LLMS are unique among human technology, because they can have thoughts and make decisions.
You may think: this describes all software! When I try to log in to an online service, it makes a decision about whether to log me in or not based on my provided credentials.
In one sense, this is correct. A common metaphor is to say that our login-bot is given instructions (code) about how to process a login request, which allows it to make a decision.
But consider: if the login-bot makes logs me in to an account that isn’t mine, is the login-bot at fault? No, of course not. The software engineer who wrote the instructions is at fault. That software engineer thought up the login instructions and made all the decisions about their implementation.

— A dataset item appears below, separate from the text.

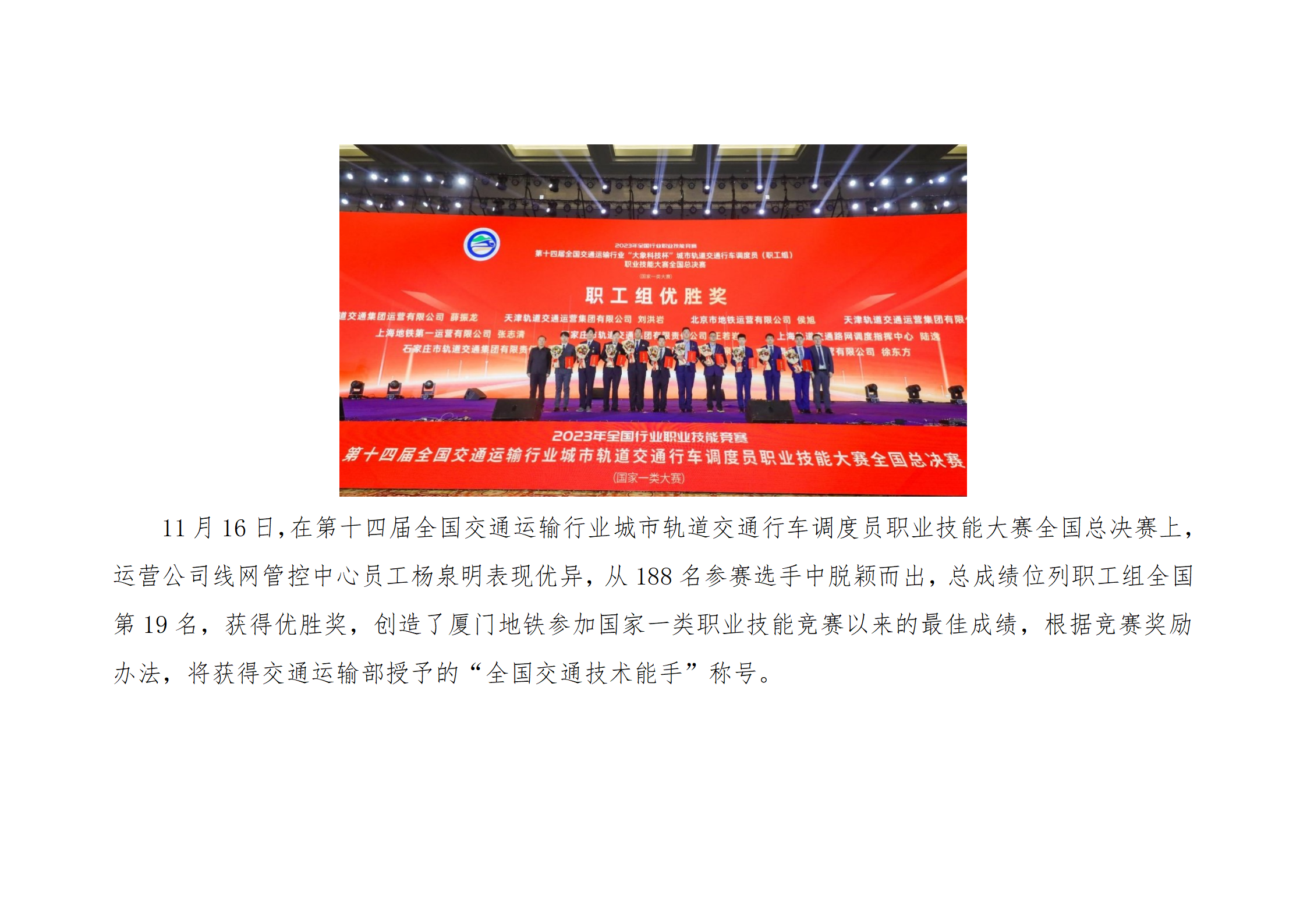 集团员工获国家技能大赛优胜奖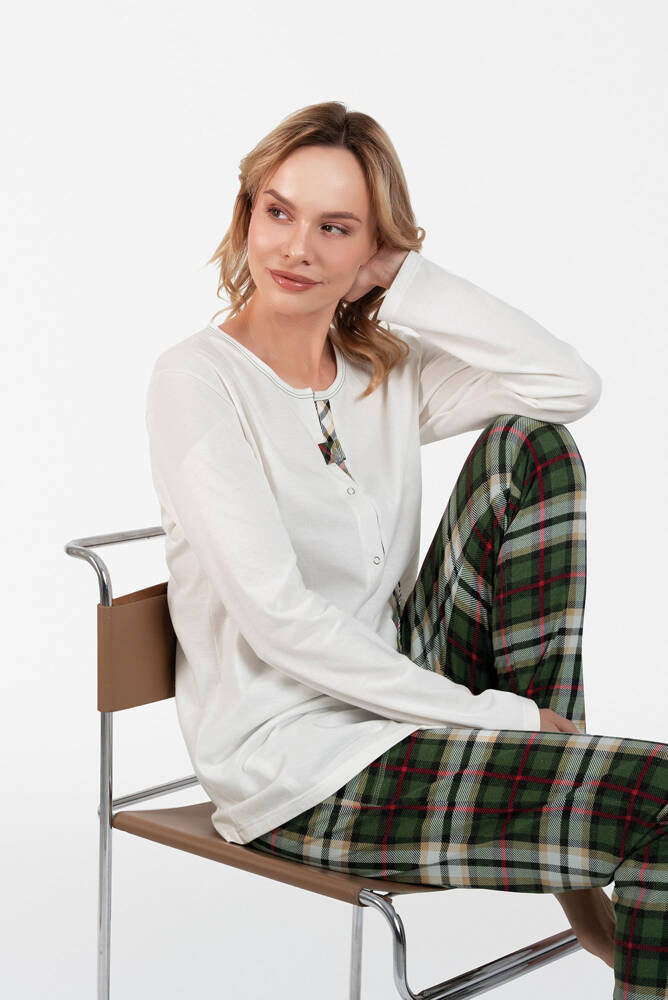 Czy piżama może być elegancka? I to jeszcze jak! Ta wyjątkowa damska rozpinana piżama ze spodniami w kratę przypadnie do gustu każdej pani ceniącej sobie dobry styl nawet w zaciszu sypialni. Bawełniana piżama damska ma miękki, przyjemny materiał, a modny wzór dodaje jej charakteru. Bluza piżamy jest gustownie wykończona kratką, ma okrągły dekolt i w całości jest zapinana na napy, zaś prosty krój spodni zapewni komfort i wygodę. W spodniach praktyczne kieszenie. Stylowa damska piżama dostępna jest w rozmiarach od S do XXL, w dwóch wariantach kolorystycznych – z ecru lub odcieniami zieleni.

Now, let’s switch out our login-bot for an LLM. I give the LLM some credentials, and it logs me in to an account that isn’t mine. Who is at fault now?
Clearly, the LLM has made a decision to log me in, independent of any human instruction. I could make the same request again and it might do something else.
Is the LLM at fault? Perhaps this could be sensible if it were alive, but it is not. It is not part of our community or our society, so judging it for its decisions simply serves no sense - what would it achieve?
Maybe the person who trained the LLM is at fault. Training gave the bot its ability to make decisions, and the matrix by which it does so. This feels analogous to the login-bot’s instructions.
But the person who did the training had no way of knowing this would be the outcome: they could not shape all possible outcomes of the LLM’s decisions. They cannot be at fault for an outcome they could never have predicted.
No, the person at fault is the person who decided to use an LLM for this purpose in the first place. The blame lies with leadership.
As we scramble to cram LLMs into everything, from government to finance to healthcare, I wonder if they’ll accept it.